Sikhs vent anger at Daily Sport headline
Shock and disgust. That is the overall feeling of the Sikh community after coming across the Daily Sport newspaper last Thursday.
The headline "BURGER SINGH!" following a double page spread of a Sikh Nihang Singh was splashed across the national newspaper Daily Sport, along with an enlarged image of a half naked woman holding a pint of beer in one hand and tucking into an Indian dish.
The image of the Sikh Nihang has a label alongside it reading "Employee of the month," and an illustrated image of a 5-star ranking placed on his Paag. The image has left the Asian community feeling hurt and disappointed at how ignorant individuals are towards other cultures and religions. Surely it's clearly obvious that the image itself depicts a religious individual, yet to mock it was taking it one step too far.
An anonymous contacted BizAsia.co.uk as soon as they glanced at the paper. This individual expressed his dismay with having seen the images and the article. The tone of his voice was shaky, reflecting his absolute dismay as he described with utter disgust what he had seen in the publication.
It is not only the Sikh community who have been left feeling angry. Others have expressed their utter shock and disbelief with how insensitive this newspaper publication has, without any thought, used an image of a Sikh Nihang. If any other images of individuals, who clearly look religious, were used, from any other faith group, the exact same anger and disgust would be expressed. In this case, this gentleman probably doesn’t even know he is in this kind of newspaper for such an embarrassing article.
Members other public, mainly second and third generation British Asian’s commented on the issue within a Facebook group. The size of the group is rapidly growing.
Mr Singh left the following comment: "I don’t understand why use Singh, when they could of used a another word that represents Indians as a whole?...and why write an article about a curry franchise in Daily Sport of all papers?"
This highly offensive image has been portrayed as mocking the Sikh community. The front page tactlessly reads, "EXCLUSIVE World's first curry chain opens in UK." The angle of the article promotes the new food company "Tiffinbites," which is the first fast food curry chain in the UK. Rather than actually promote the new company, the Daily Sport have used a photo of the Nihang Singh, which is totally irrelevant towards the article.

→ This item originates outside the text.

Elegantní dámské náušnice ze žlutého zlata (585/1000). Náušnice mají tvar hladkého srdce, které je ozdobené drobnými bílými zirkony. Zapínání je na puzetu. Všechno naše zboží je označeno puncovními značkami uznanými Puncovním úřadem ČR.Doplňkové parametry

The headline is a careless play on words "Burger King," morphing into "Burger Singh."
When looking at this 'sleazy' newspaper, it certainly leaves the readers feeling confused. It seems as though the reporter has randomly searched on the internet for anything that relates to the Asian culture and food, picked out the images and thoughtlessly used it to fill space on the page. Job done. From the newspapers end, it certainly reflects negatively as a quick image for the article, without any research into what the image actually is or means.

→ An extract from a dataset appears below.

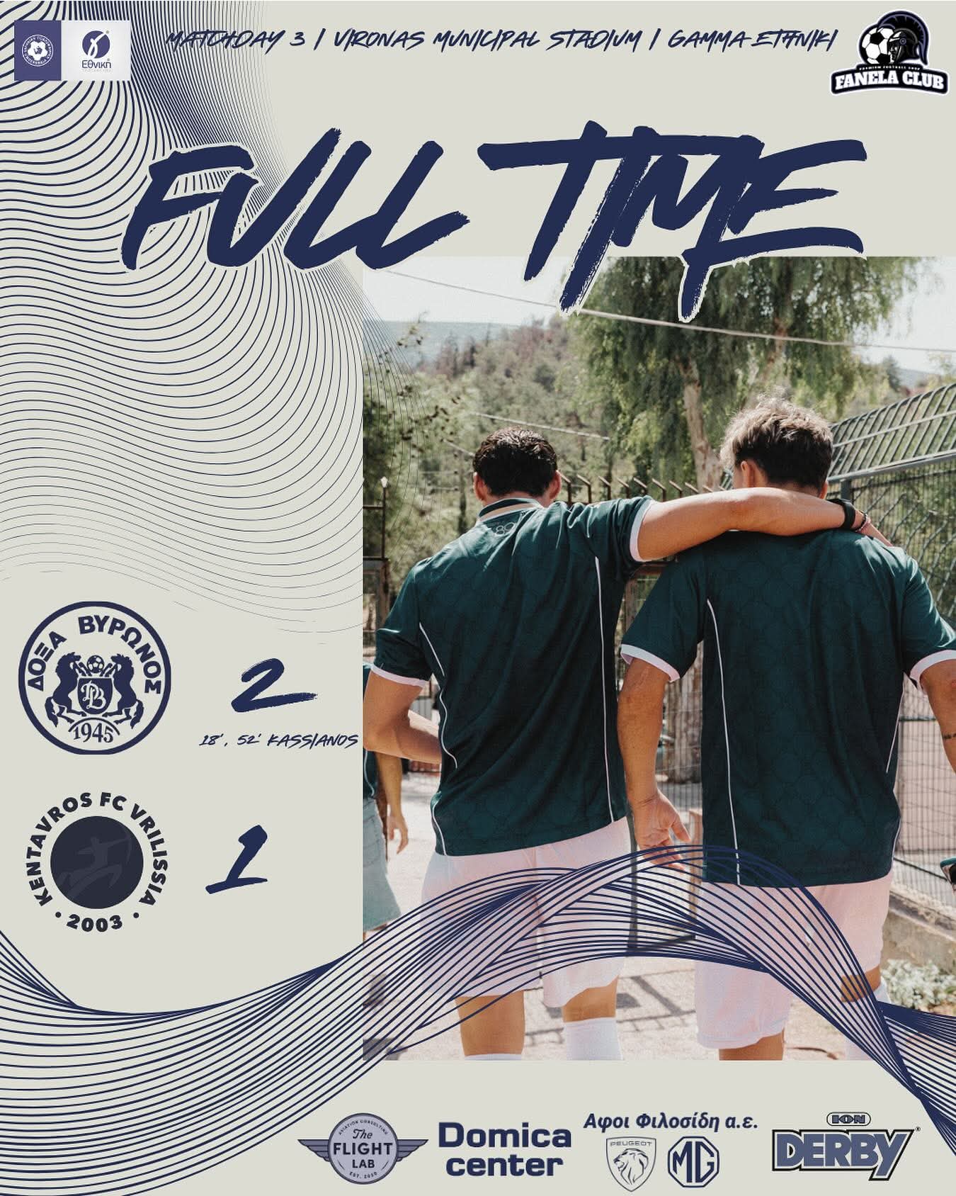 Πρώτη νίκη η Δόξα Βύρωνος, 2-1 τον Κένταυρο Βριλησσίων

On the inside on the newspaper, page 4 and 5, the opening paragraph reads, "That'll be chicken tikka masala with fries, please" That's what curry-lovers might be saying soon…"
The front page with its bold headline and the tacky double page spread is hard to miss. It's no surprise that since that edition of the newspaper was out in the newsagents; it has been inundated with calls of complaint and has released the following apology.
"On the 24th April the Daily Sport ran a front page feature announcing news of the UK's first curry chain, launched by Tiffinbites. The front page announcement was supported by a double page feature within the body of the paper.
The Daily Sport newspaper recognises that it unwittingly used words and pictures that may have caused unintended offence amongst the Sikh community and would like to apologise unreservedly to both the individuals concerned as well as the community as a whole.”
An apology in the Daily Sport is expected in a forthcoming issue of the paper. It was only after consistent persistence with the reporters at the newspaper that an apology was finally released, after they realised the seriousness of their mistake and carelessness.
Arjun Varma, director of Tiffinbites, when contacted, said that it was the actual newspaper who has completely taken the story out of its original context. He said that the seriousness of the actual concept has been transformed into a news piece which now, when printed, just looks like a joke.
It is news coverage such as this which fuels racial tension. Insensitive and distasteful images or news stories can easily hurt and offend diverse communities. Such stories can also provoke and encourage racial attitudes amongst communities who do not fully understand each others way of life, culture and religious icons.
When the publication learnt of the planned demonstration their tones changed, it’s amazing how quickly the staff wanted to apologise to callers and pacify their anger. Should it have taken this type of pressure for them to issue an apology, this signifies how easily irresponsible actions can fuel community tension.